─── THE INPUT ───

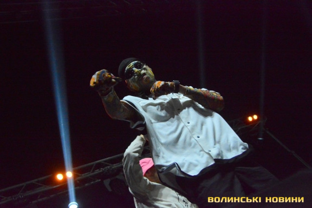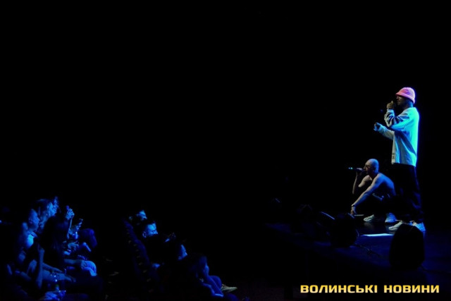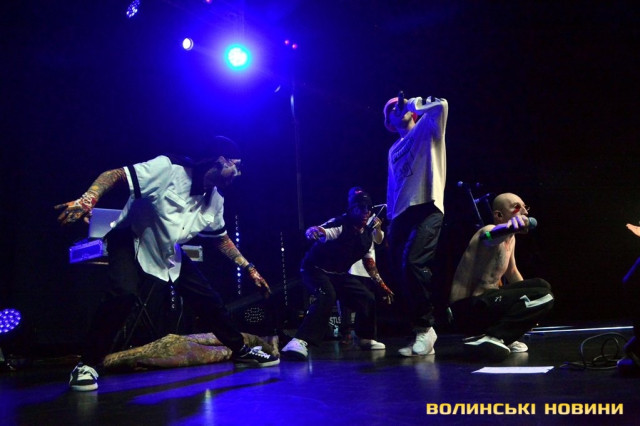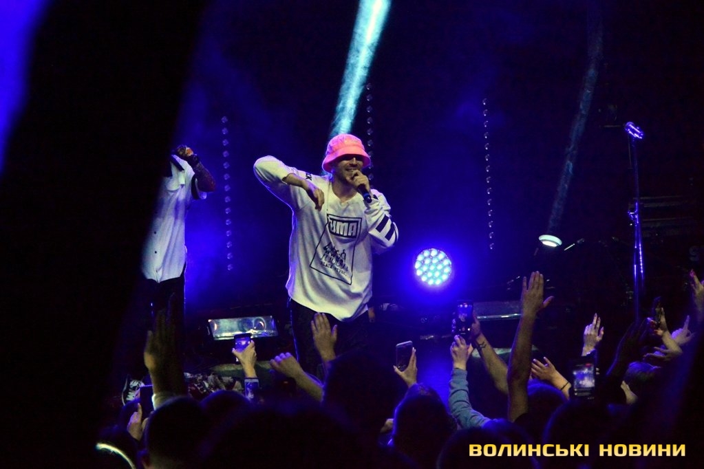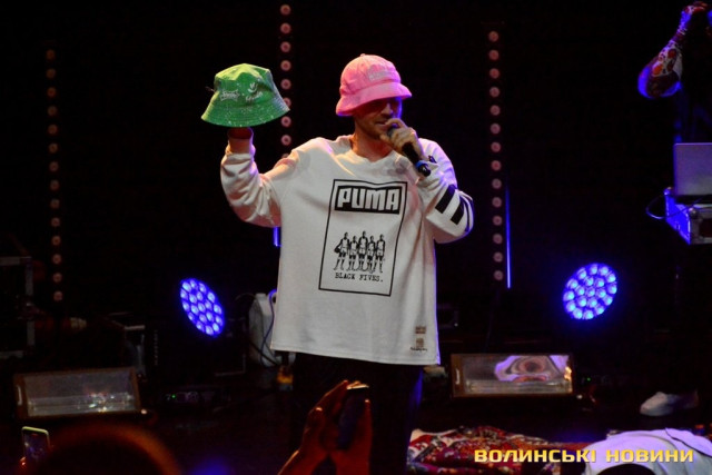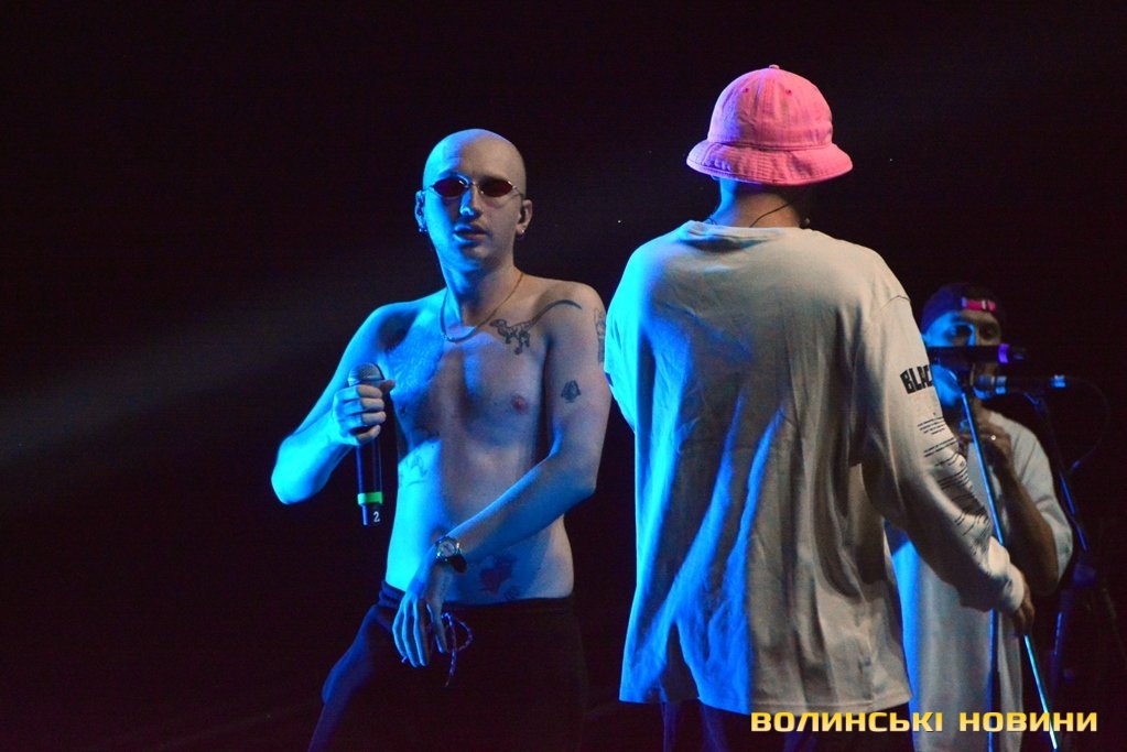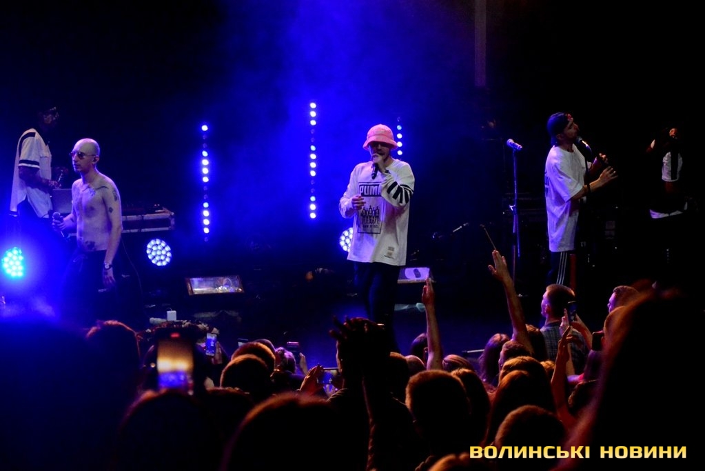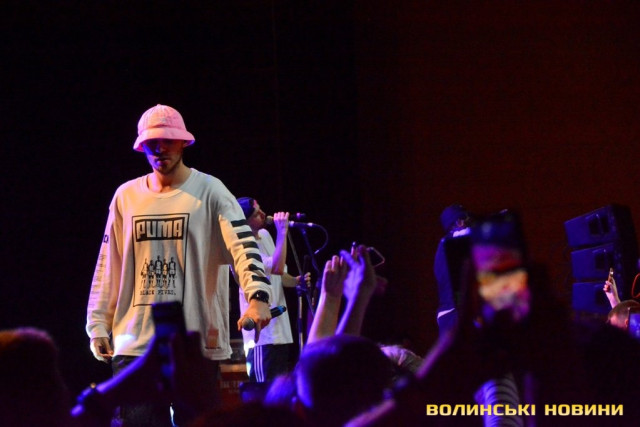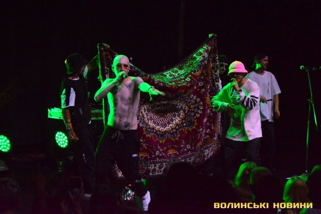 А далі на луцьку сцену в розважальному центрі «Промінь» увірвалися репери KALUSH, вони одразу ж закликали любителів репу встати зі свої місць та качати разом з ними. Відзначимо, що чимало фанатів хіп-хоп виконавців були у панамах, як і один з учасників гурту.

───
─── THE INPUT ───

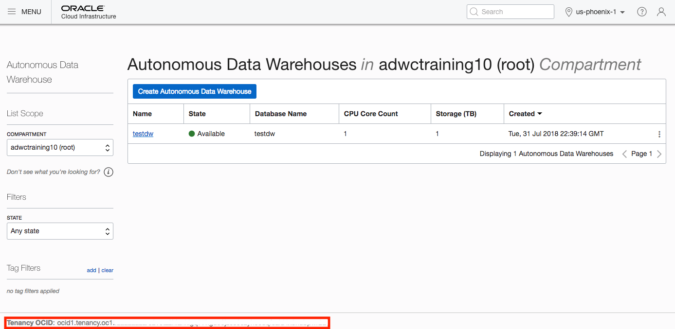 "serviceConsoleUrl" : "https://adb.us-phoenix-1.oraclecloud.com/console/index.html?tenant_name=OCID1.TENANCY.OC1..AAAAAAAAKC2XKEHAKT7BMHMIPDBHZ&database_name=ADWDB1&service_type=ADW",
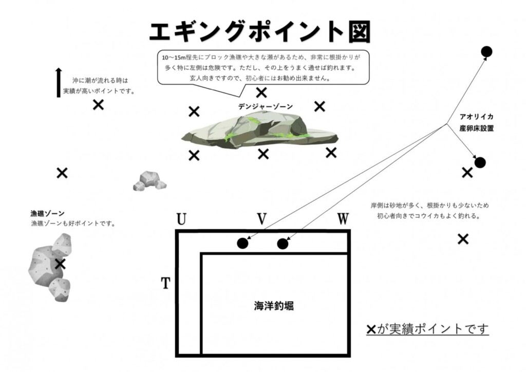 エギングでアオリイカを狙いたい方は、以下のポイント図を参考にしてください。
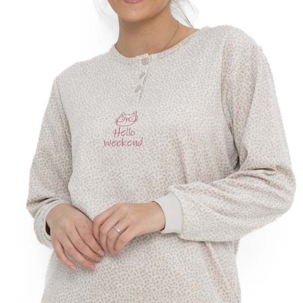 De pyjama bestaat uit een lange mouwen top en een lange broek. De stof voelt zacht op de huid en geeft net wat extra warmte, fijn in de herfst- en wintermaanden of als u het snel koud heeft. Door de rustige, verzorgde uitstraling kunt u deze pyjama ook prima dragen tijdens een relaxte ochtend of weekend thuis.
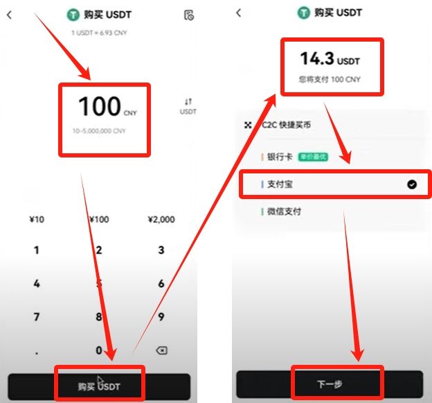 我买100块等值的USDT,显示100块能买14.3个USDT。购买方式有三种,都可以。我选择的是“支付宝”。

───

REQUIRED ACTION » Exact copy, pictures excluded: from the line with "エギングでアオリイカを狙いたい方は、以下のポイント図を参考にしてください。" up to and including the line with "我买100块等值的USDT,显示100块" in the data above.

SOLUTION TO THE EXERCISE »
 エギングでアオリイカを狙いたい方は、以下のポイント図を参考にしてください。
 De pyjama bestaat uit een lange mouwen top en een lange broek. De stof voelt zacht op de huid en geeft net wat extra warmte, fijn in de herfst- en wintermaanden of als u het snel koud heeft. Door de rustige, verzorgde uitstraling kunt u deze pyjama ook prima dragen tijdens een relaxte ochtend of weekend thuis.
 我买100块等值的USDT,显示100块能买14.3个USDT。购买方式有三种,都可以。我选择的是“支付宝”。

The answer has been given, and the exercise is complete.